Your copy should contain exactly the lines from the one that holds "Le document présente" through the end of the material, reproduced as written, with no pictures.

═════ DATASET SECTION

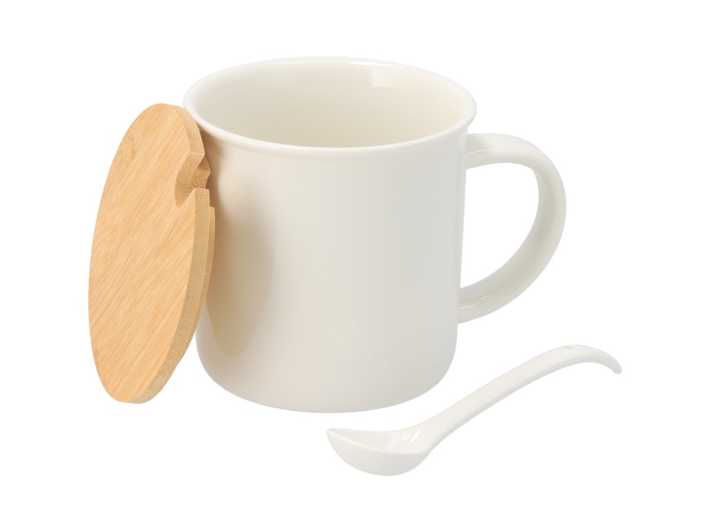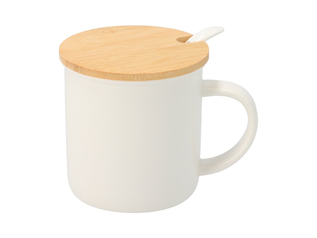 Porculanska šalica sa žličicom i poklopcem od bambusa osigurava savršen užitak u pripremljenom napitku. Zapamtite samo da drvu nije mjesto u perilici posuđa.
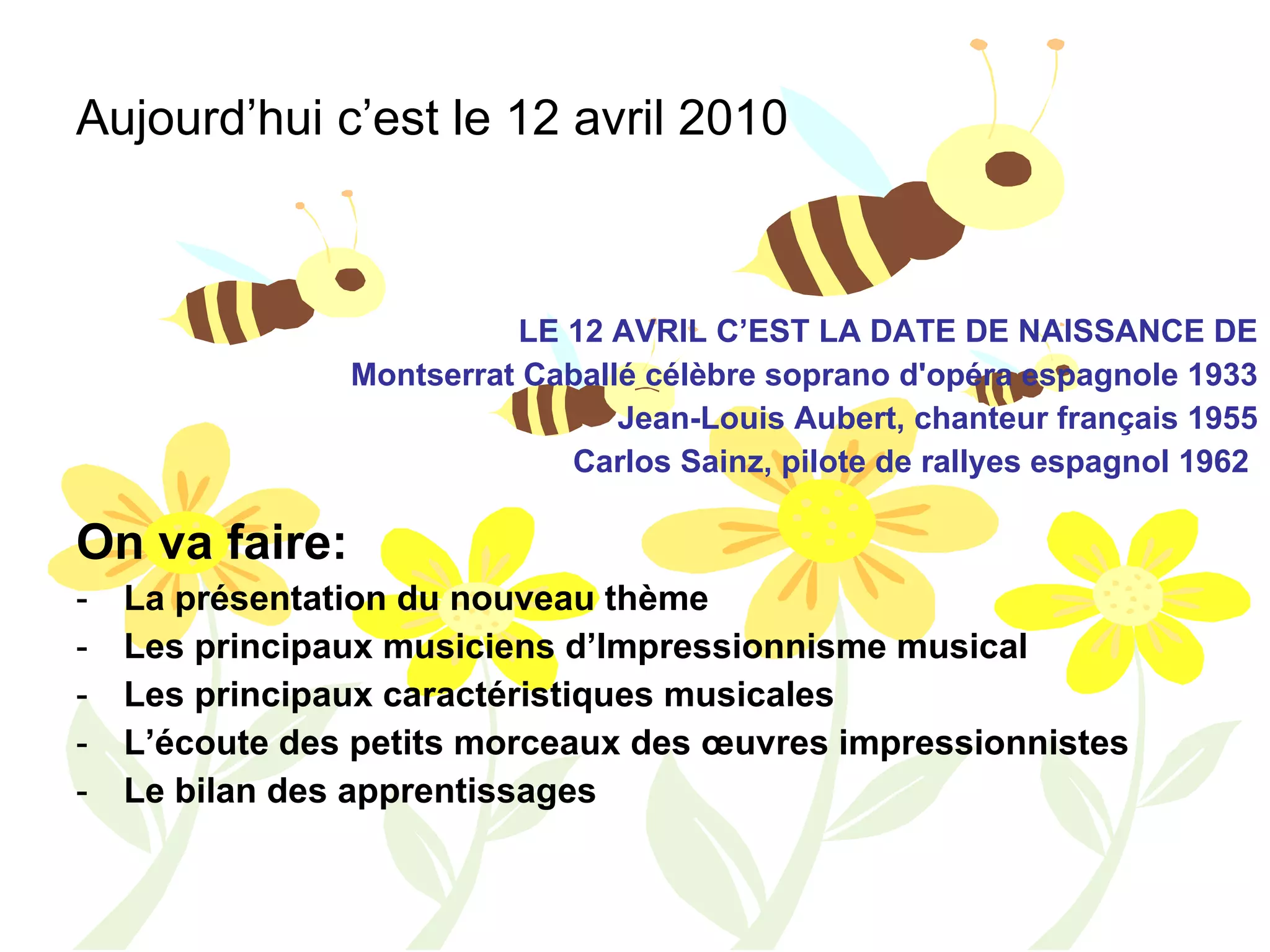 Le document présente une séance sur l'impressionnisme musical, incluant des musiciens comme Debussy et Ravel, ainsi que les caractéristiques de leur musique. Il aborde l'écoute d'œuvres impressionnistes et les réflexions des élèves sur des extraits musicaux. La séance se termine par un bilan des apprentissages et la préparation d'une affiche sur 'Clair de Lune' de Debussy.
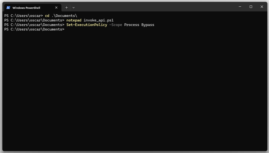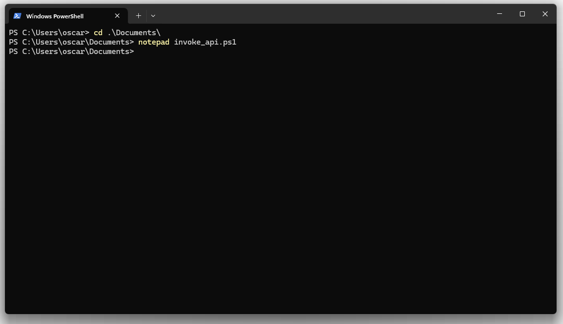 Execute the following command to create and open a new PowerShell script: notepad invoke_api.ps1

══════════

--- RESULT ---
 Le document présente une séance sur l'impressionnisme musical, incluant des musiciens comme Debussy et Ravel, ainsi que les caractéristiques de leur musique. Il aborde l'écoute d'œuvres impressionnistes et les réflexions des élèves sur des extraits musicaux. La séance se termine par un bilan des apprentissages et la préparation d'une affiche sur 'Clair de Lune' de Debussy.
 Execute the following command to create and open a new PowerShell script: notepad invoke_api.ps1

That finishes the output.